»»
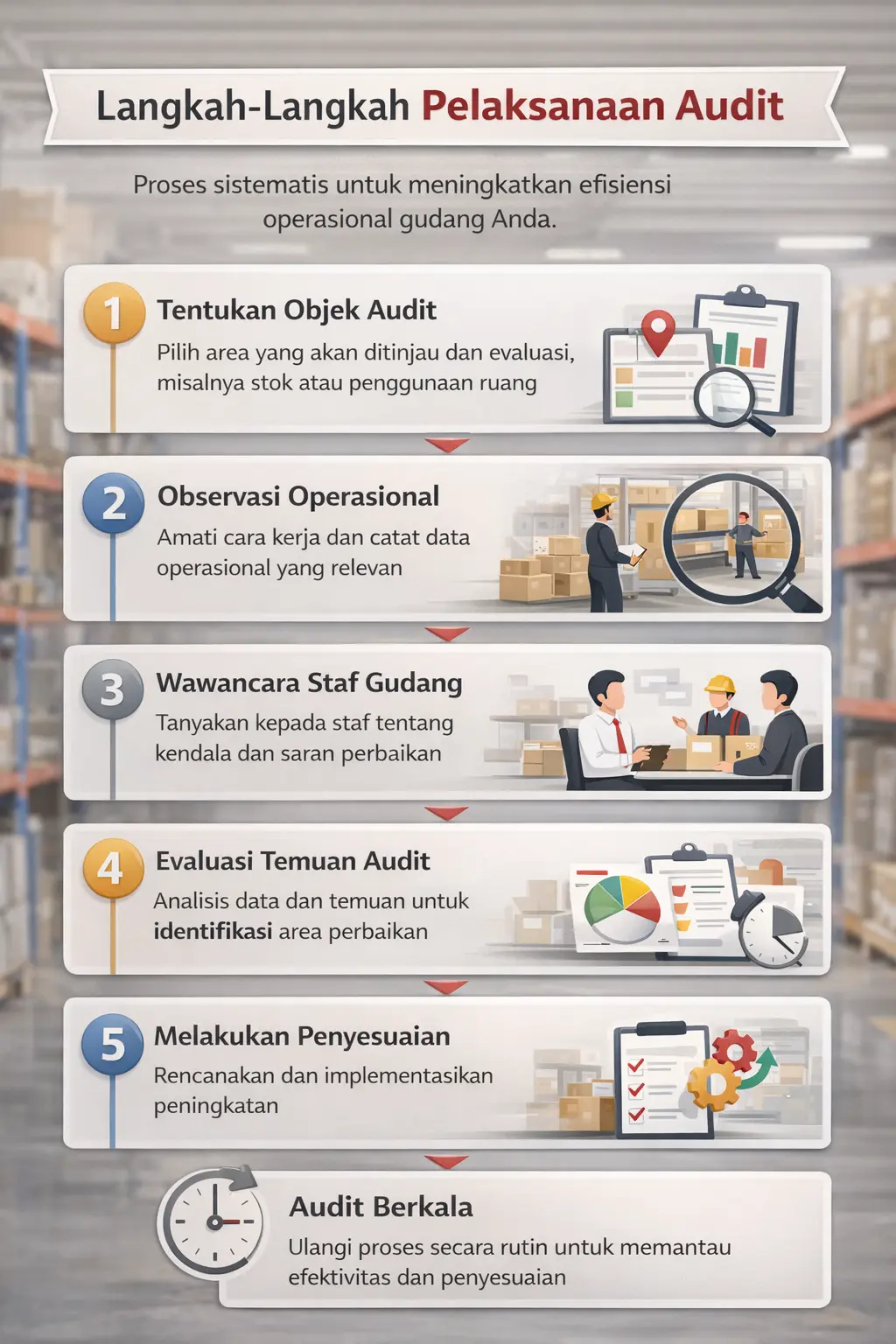 Dengan mengikuti langkah-langkah ini, perusahaan dapat melakukan audit gudang dengan sistematis dan mendapatkan hasil yang akurat untuk meningkatkan efisiensi operasional gudang.
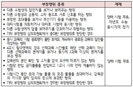수능 시험장에서 다음과 같은 행위를 할 경우에는 수능 부정행위로서 엄정한 제재를 받게 되므로, 수험생은 반드시 이 점에 유의해야 한다.
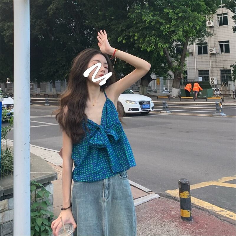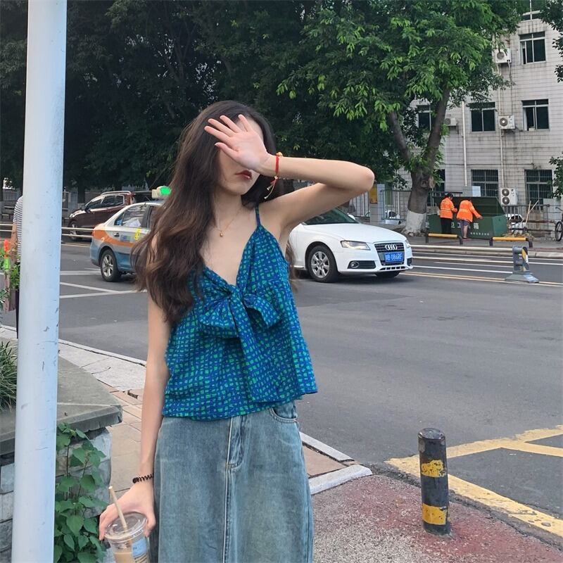 キュートで甘いちょう結びキャミソールレディース 2023 春の新しいスタイルのコントラストカラーチェック柄オールマッチノースリーブトップス リボン 大人ガーリー スウィート カジュアル スプリング 春物 0921996119165887
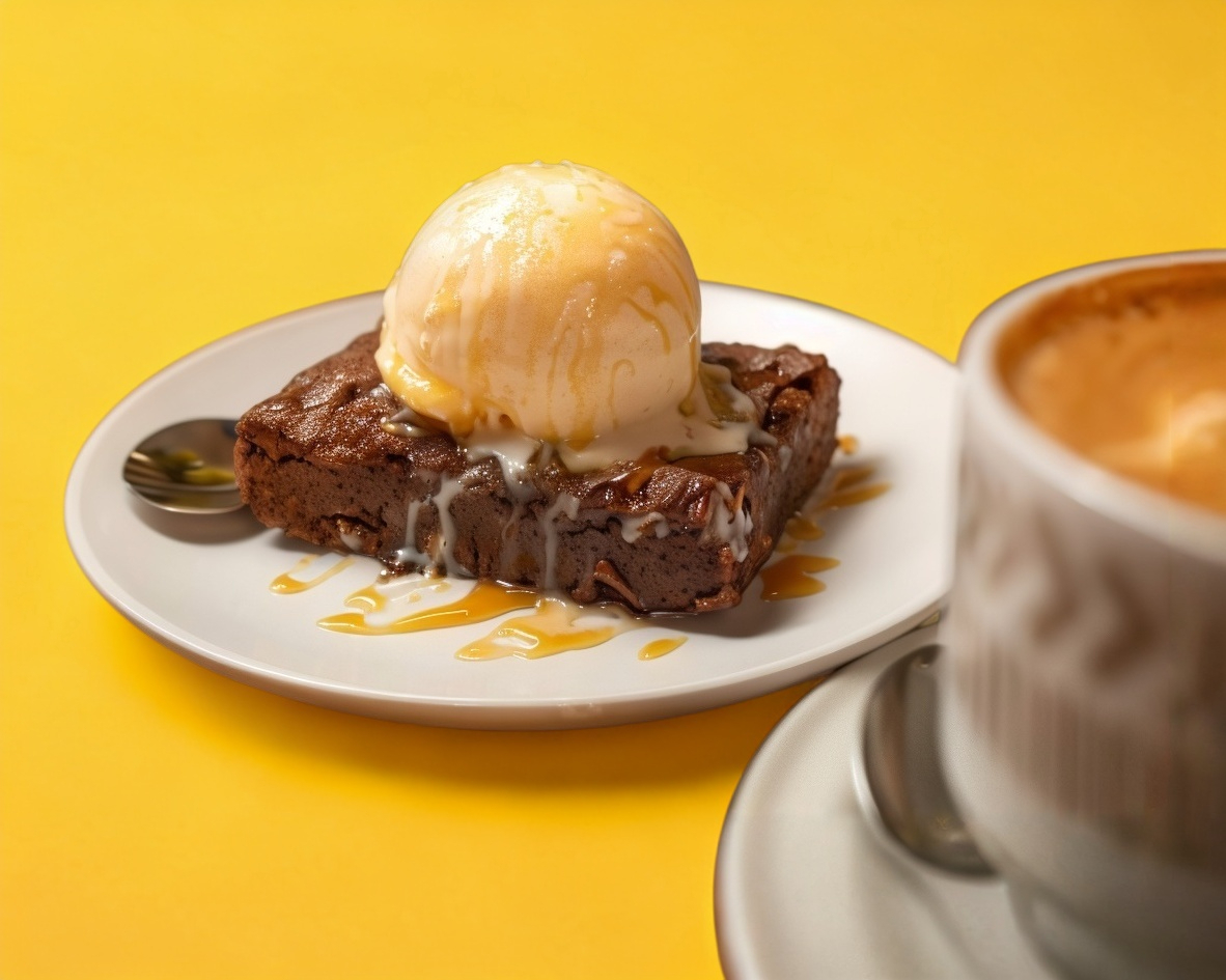 Brownie con helado de vainilla y salsa de caramelo
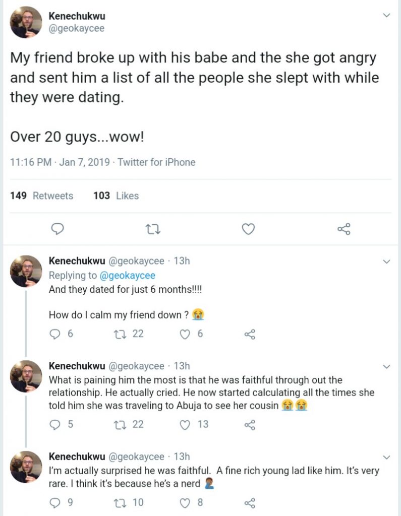 Nigerian man broke up with his girlfriend, the lady got angry and sent him list of 20 different guys she is dating after splitting with boyfriend of 6 months.
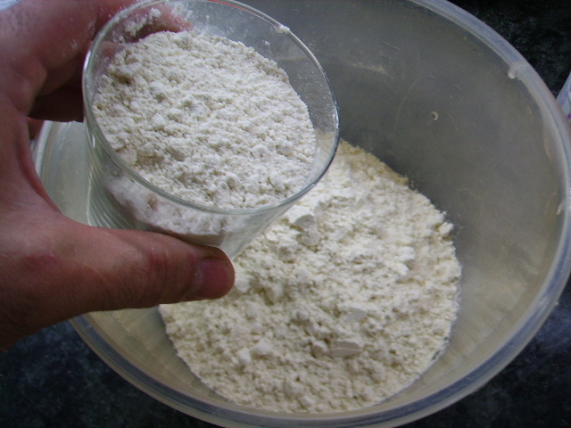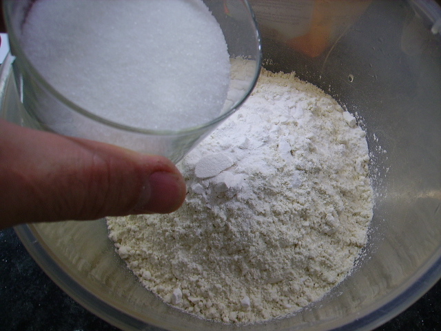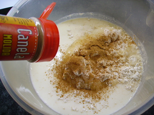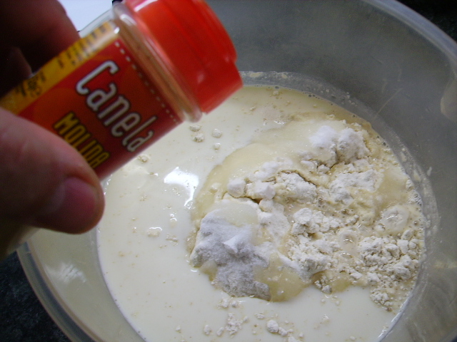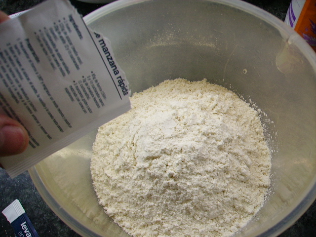 2.- En un bol ponemos la harina, la leche, el azucar y la levadura y amasamos todo con una paleta.
««
#### REQUIRED WORK
Copy each entry exactly, with no pictures.

#### ANSWER TO THIS EXERCISE
 Dengan mengikuti langkah-langkah ini, perusahaan dapat melakukan audit gudang dengan sistematis dan mendapatkan hasil yang akurat untuk meningkatkan efisiensi operasional gudang.
수능 시험장에서 다음과 같은 행위를 할 경우에는 수능 부정행위로서 엄정한 제재를 받게 되므로, 수험생은 반드시 이 점에 유의해야 한다.
 キュートで甘いちょう結びキャミソールレディース 2023 春の新しいスタイルのコントラストカラーチェック柄オールマッチノースリーブトップス リボン 大人ガーリー スウィート カジュアル スプリング 春物 0921996119165887
 Brownie con helado de vainilla y salsa de caramelo
 Nigerian man broke up with his girlfriend, the lady got angry and sent him list of 20 different guys she is dating after splitting with boyfriend of 6 months.
 2.- En un bol ponemos la harina, la leche, el azucar y la levadura y amasamos todo con una paleta.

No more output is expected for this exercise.